#### ASSIGNED TASK
Reproduce the entries shown below only from the line with "6.ACM8622/ACM8625M/P/ACM8628整體演示板物料清單" down to the line with "이분의 허리 MRI를 보면 여러 마디에 퇴행성 변화가 있습니다.", keeping both end lines and copying each one exactly.

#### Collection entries
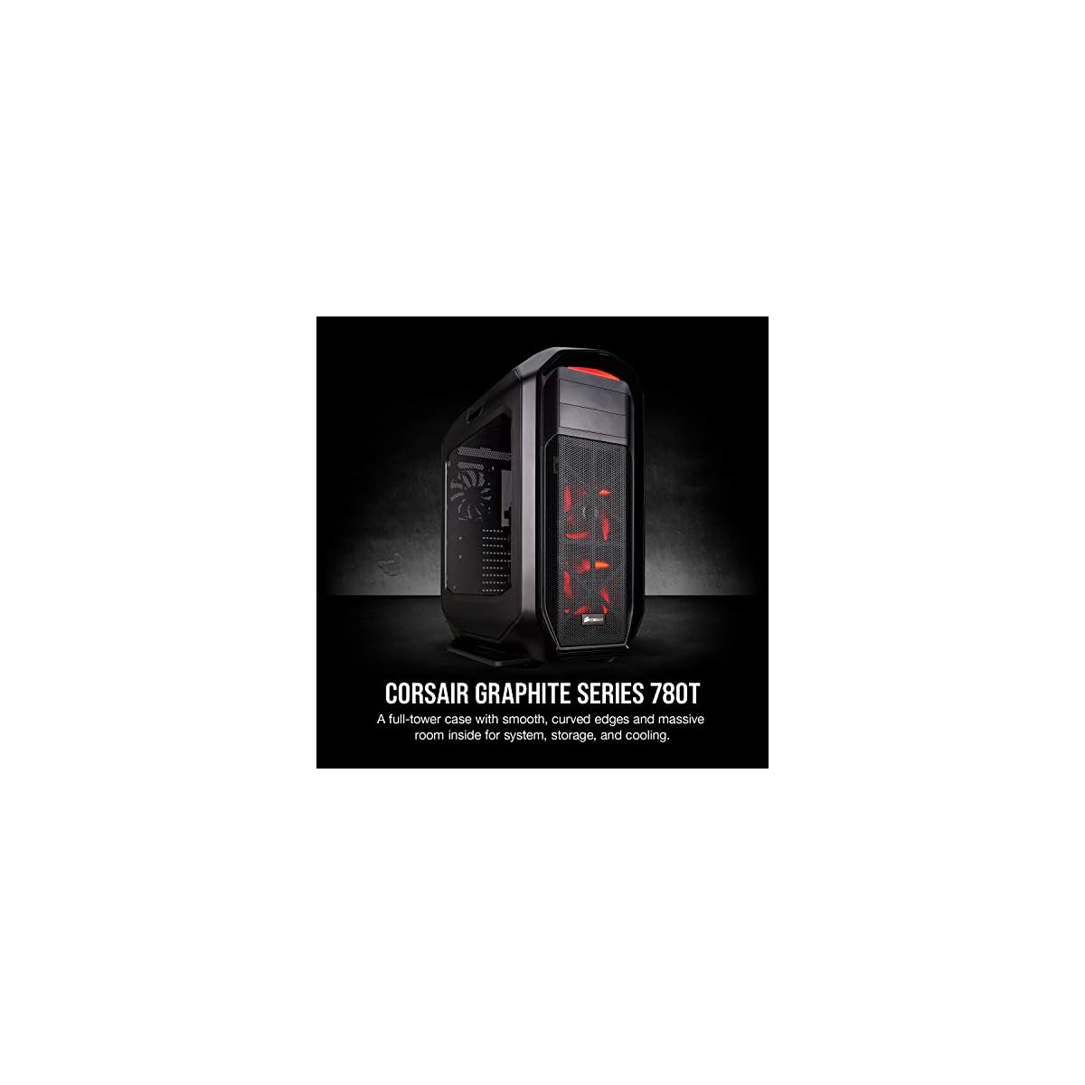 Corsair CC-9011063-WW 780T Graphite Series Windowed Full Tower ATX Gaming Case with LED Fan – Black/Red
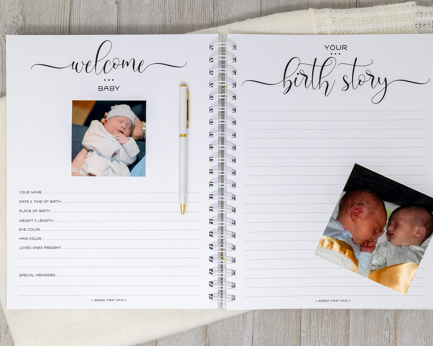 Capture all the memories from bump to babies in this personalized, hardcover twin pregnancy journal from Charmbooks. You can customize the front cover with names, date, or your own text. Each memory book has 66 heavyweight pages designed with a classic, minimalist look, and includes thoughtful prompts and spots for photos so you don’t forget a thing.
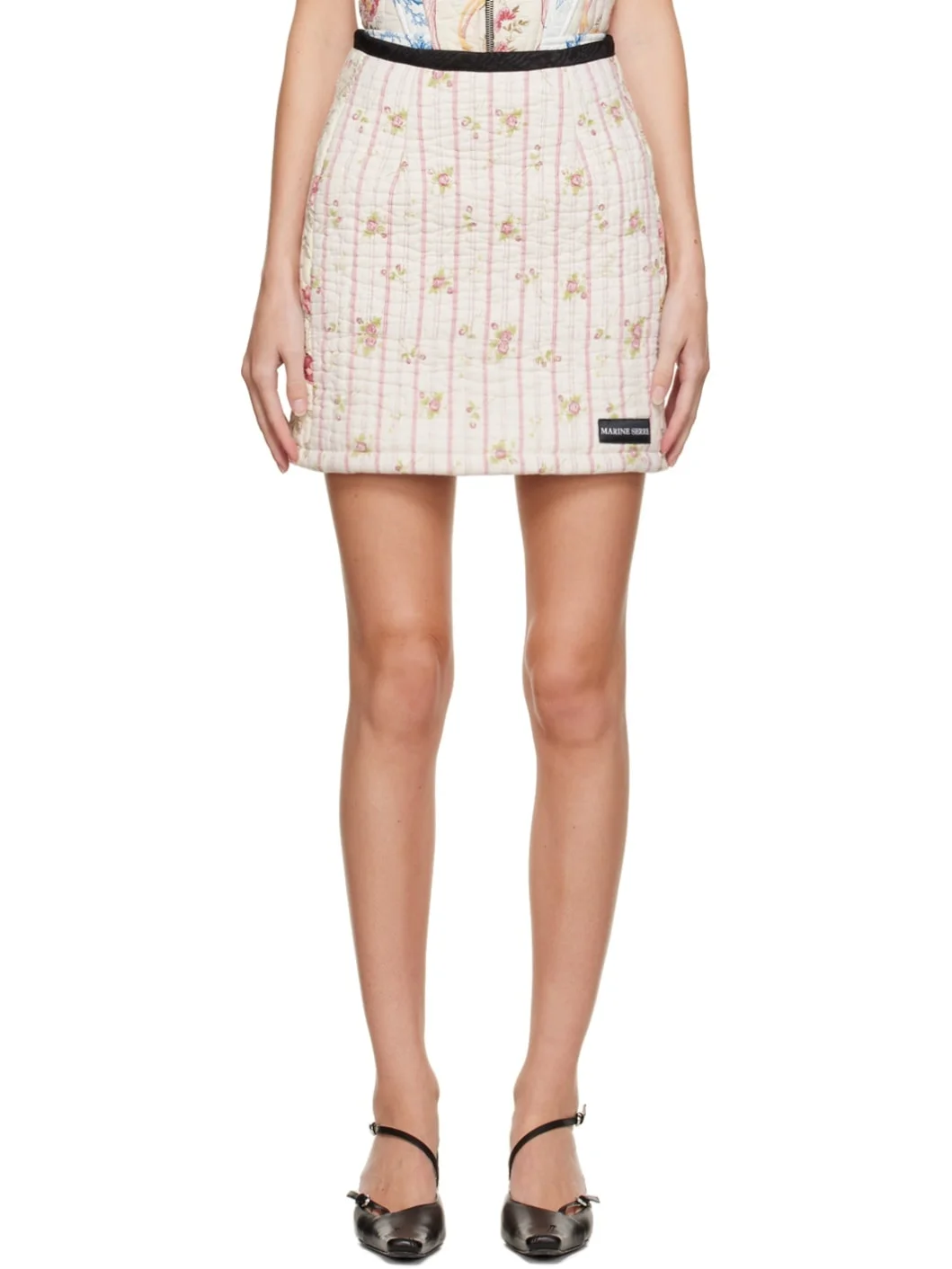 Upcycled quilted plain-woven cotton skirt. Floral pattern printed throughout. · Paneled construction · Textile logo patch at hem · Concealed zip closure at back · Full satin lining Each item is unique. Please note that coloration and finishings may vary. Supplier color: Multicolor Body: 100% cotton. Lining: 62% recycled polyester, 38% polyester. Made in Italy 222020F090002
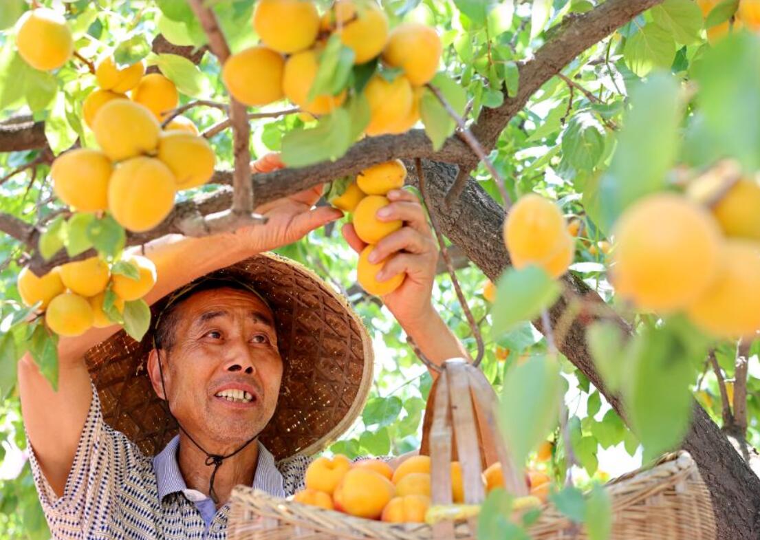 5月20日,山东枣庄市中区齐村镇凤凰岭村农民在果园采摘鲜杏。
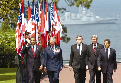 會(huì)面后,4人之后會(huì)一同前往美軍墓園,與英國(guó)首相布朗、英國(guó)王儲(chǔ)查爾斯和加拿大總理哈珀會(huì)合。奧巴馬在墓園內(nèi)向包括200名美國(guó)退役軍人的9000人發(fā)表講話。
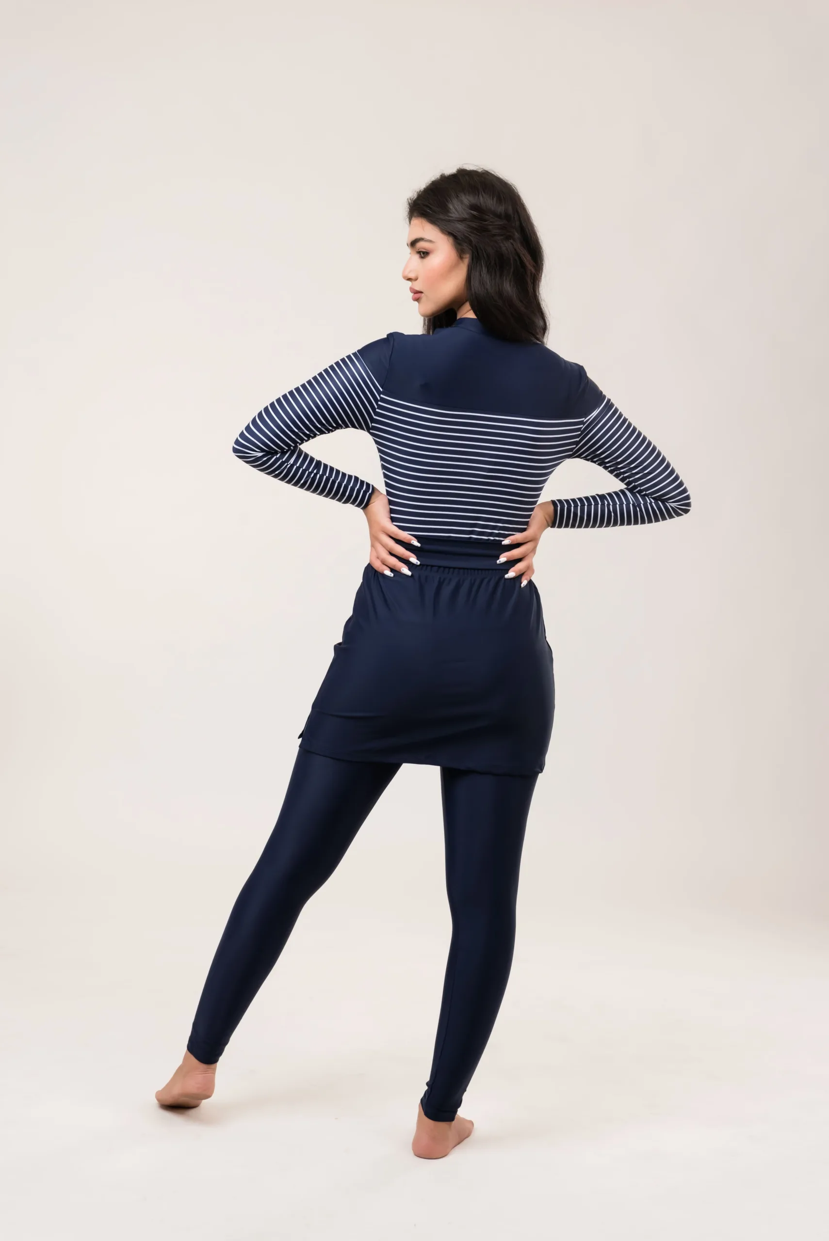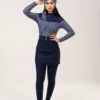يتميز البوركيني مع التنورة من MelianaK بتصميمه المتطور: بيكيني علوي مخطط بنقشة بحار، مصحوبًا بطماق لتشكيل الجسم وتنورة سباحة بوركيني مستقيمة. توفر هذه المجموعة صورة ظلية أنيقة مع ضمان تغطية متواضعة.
--
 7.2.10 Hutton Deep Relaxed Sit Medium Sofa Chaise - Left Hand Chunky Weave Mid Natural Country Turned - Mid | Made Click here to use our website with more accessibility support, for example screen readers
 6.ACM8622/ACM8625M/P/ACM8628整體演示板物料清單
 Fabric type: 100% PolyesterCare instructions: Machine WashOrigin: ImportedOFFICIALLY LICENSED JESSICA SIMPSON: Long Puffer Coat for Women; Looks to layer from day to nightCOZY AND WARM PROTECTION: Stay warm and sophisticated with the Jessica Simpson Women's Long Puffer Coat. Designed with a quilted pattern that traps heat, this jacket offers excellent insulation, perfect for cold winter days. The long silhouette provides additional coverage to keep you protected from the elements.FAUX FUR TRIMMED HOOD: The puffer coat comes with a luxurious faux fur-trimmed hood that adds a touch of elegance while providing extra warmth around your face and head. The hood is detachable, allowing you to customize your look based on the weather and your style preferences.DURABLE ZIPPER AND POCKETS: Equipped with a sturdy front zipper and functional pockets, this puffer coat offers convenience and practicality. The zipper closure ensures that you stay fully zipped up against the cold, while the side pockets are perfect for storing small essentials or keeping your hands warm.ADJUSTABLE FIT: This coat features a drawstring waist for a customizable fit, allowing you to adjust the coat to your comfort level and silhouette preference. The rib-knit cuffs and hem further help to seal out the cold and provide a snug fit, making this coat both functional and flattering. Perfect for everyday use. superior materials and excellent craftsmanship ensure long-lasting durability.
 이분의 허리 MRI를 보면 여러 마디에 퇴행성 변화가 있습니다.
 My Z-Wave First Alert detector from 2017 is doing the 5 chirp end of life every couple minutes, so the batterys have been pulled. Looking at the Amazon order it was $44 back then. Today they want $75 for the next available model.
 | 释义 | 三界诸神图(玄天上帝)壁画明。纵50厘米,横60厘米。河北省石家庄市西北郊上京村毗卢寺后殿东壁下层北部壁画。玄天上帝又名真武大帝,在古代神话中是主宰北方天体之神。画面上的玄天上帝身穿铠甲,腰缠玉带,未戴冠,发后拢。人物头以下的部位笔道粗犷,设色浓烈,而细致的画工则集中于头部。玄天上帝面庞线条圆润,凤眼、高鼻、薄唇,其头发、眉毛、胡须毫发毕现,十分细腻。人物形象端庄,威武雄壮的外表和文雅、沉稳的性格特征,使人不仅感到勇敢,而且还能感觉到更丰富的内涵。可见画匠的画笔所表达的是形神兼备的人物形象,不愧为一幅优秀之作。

#### TASK RESPONSE
 6.ACM8622/ACM8625M/P/ACM8628整體演示板物料清單
 Fabric type: 100% PolyesterCare instructions: Machine WashOrigin: ImportedOFFICIALLY LICENSED JESSICA SIMPSON: Long Puffer Coat for Women; Looks to layer from day to nightCOZY AND WARM PROTECTION: Stay warm and sophisticated with the Jessica Simpson Women's Long Puffer Coat. Designed with a quilted pattern that traps heat, this jacket offers excellent insulation, perfect for cold winter days. The long silhouette provides additional coverage to keep you protected from the elements.FAUX FUR TRIMMED HOOD: The puffer coat comes with a luxurious faux fur-trimmed hood that adds a touch of elegance while providing extra warmth around your face and head. The hood is detachable, allowing you to customize your look based on the weather and your style preferences.DURABLE ZIPPER AND POCKETS: Equipped with a sturdy front zipper and functional pockets, this puffer coat offers convenience and practicality. The zipper closure ensures that you stay fully zipped up against the cold, while the side pockets are perfect for storing small essentials or keeping your hands warm.ADJUSTABLE FIT: This coat features a drawstring waist for a customizable fit, allowing you to adjust the coat to your comfort level and silhouette preference. The rib-knit cuffs and hem further help to seal out the cold and provide a snug fit, making this coat both functional and flattering. Perfect for everyday use. superior materials and excellent craftsmanship ensure long-lasting durability.
 이분의 허리 MRI를 보면 여러 마디에 퇴행성 변화가 있습니다.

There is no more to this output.